Researchers at two universities in North Carolina have developed a new method to expand stem cells isolated from patient’s lung biopsies.
A team led by Dr. Jason Lobo, assistant professor of medicine at the University of North Carolina (UNC), and by Ke Cheng, associate professor in the Department of Molecular Biomedical Sciences at North Carolina State University (NCSU), previously found that lung stem cells could potentially treat mice with idiopathic pulmonary fibrosis (IPF).
With their new cell expansion method, stem cell therapy for fibrotic lung patients comes closer to reality, finds their study, “Derivation of therapeutic lung spheroid cells from minimally invasive transbronchial pulmonary biopsies,” in the journal Respiratory Research.
The researchers and their teams are now talking to officials at the U.S. Food and Drug Administration (FDA). They plan an initial clinical trial to test the therapeutic potential of this approach among a small group of IPF patients.
“This is the first time anyone has generated potentially therapeutic lung stem cells from minimally invasive biopsy specimens,” Lobo said in a news release.
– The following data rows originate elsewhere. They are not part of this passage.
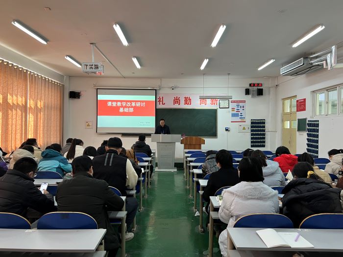 更新时间:2023-03-03 16:36 烟花三月,万象更新。在三月的第一天,基础部全体老师于下午13:30在教学楼A204进行了课堂教学改革研讨活动。本次活动由基础部主任蔡秀国教授主持,全体教师参加。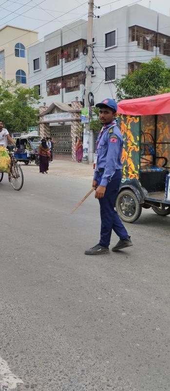 After the anti-discrimination student movement, in the absence of police, the smart Rovers of Madaripur Government College Rover Scout Group worked to control traffic congestion.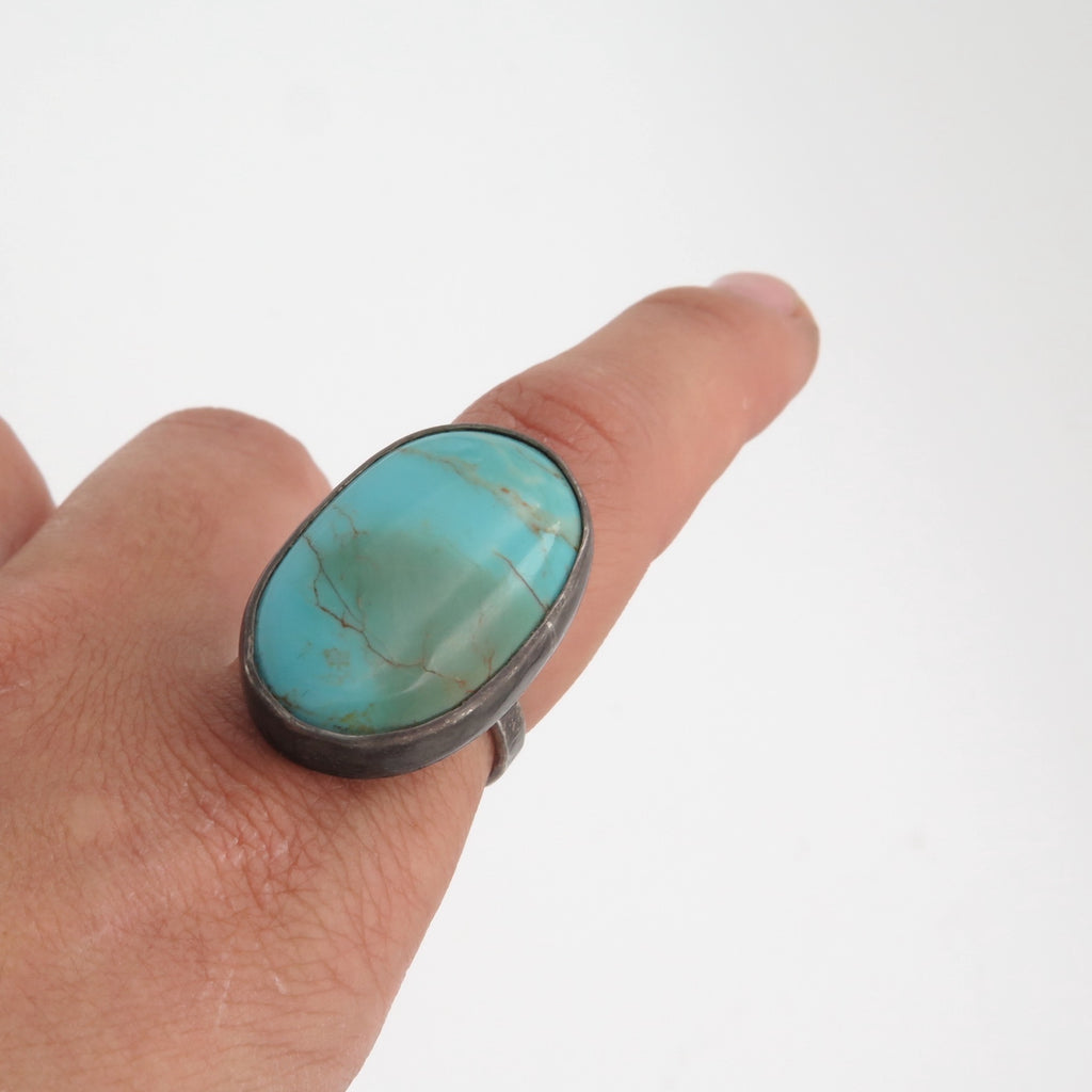 One of a kind, natural Turquoise, gemstone ring with unique pattern and veins.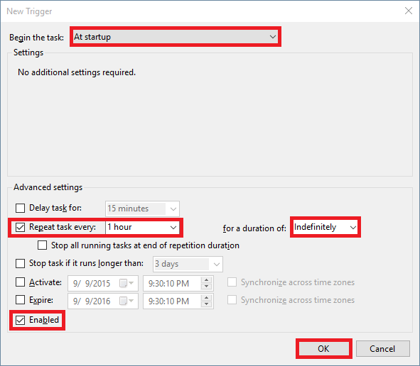 Check Repeat task every: and choose 1 hour to make sure the route is always up to date for a duration of Indefinitely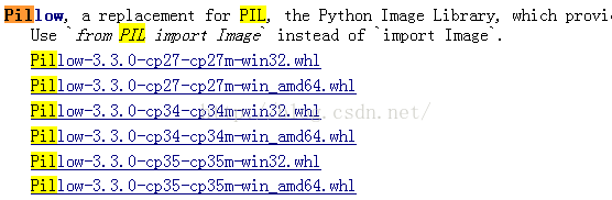 (2)搜索PIL(ctrl+F),找到下面的图片所示,如果你的python是2.7版本就下载cp27的,3.5就下载cp35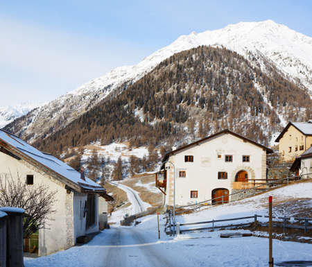 Country road with traditional houses in Guarda, Lower Engadine, Graubunden; Switzerland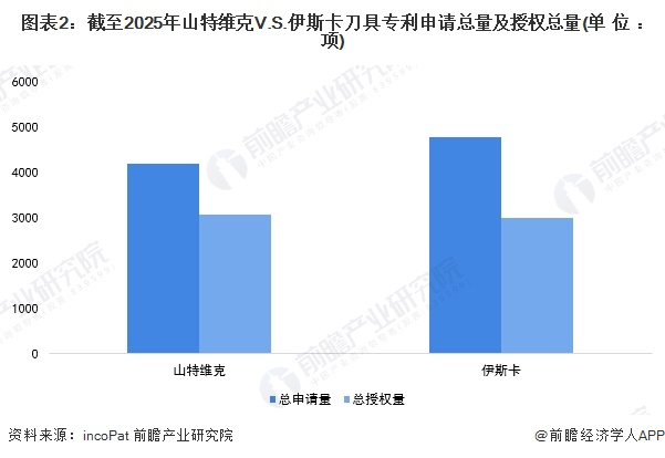 (1)专利申请量及授权量对比:伊斯卡在数量上相对领先,山特维克技术转化方面较强
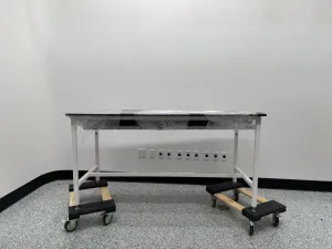 This laboratory workbench features a durable metal frame designed to support various scientific workflows, making it suitable for biotechnology, molecular biology, and clinical diagnostics environments. The black work surface provides a robust area ideal for benchtop equipment setup and sample preparation. Two overhead shelves offer additional organized storage for reagents, instruments, or bioprocessing tools, optimizing bench space.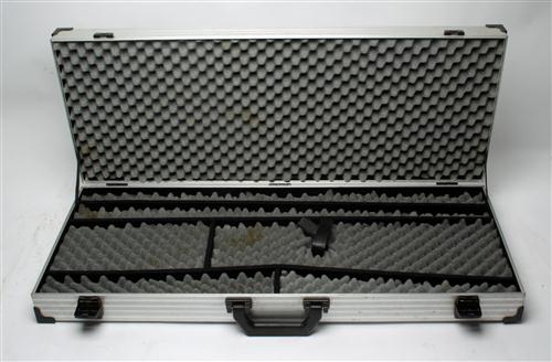 A SINGLE ALUMINUM FLIGHT CASE, to fit barrels up to 31in., boxed foam interior, two latch locks (keys missing)
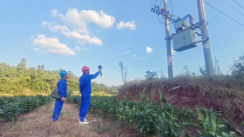国网富顺县供电公司员工正在童寺镇西湖村开展电力巡检、红外测温工作。 雷大勇 摄

Despite extensive research, only Esbriet (pirfenidone) and Ofev (nintedanib) have won FDA approval to treat IPF. Yet they only relieve IPF’s symptoms; they do not solve the underlying cause of the disease itself. Researchers have been studying stem cells as one possible therapy.
Cheng and Lobo have been studying a particular subset of stem cells called lung spheroid cells, which apparently have regenerative properties, as well as anti-fibrosis and anti-inflammatory effects, in animal models of IPF. Such cells also have a better therapeutic response than mesenchymal stem cells, which have been the focus of potential fibrosis treatment in several studies.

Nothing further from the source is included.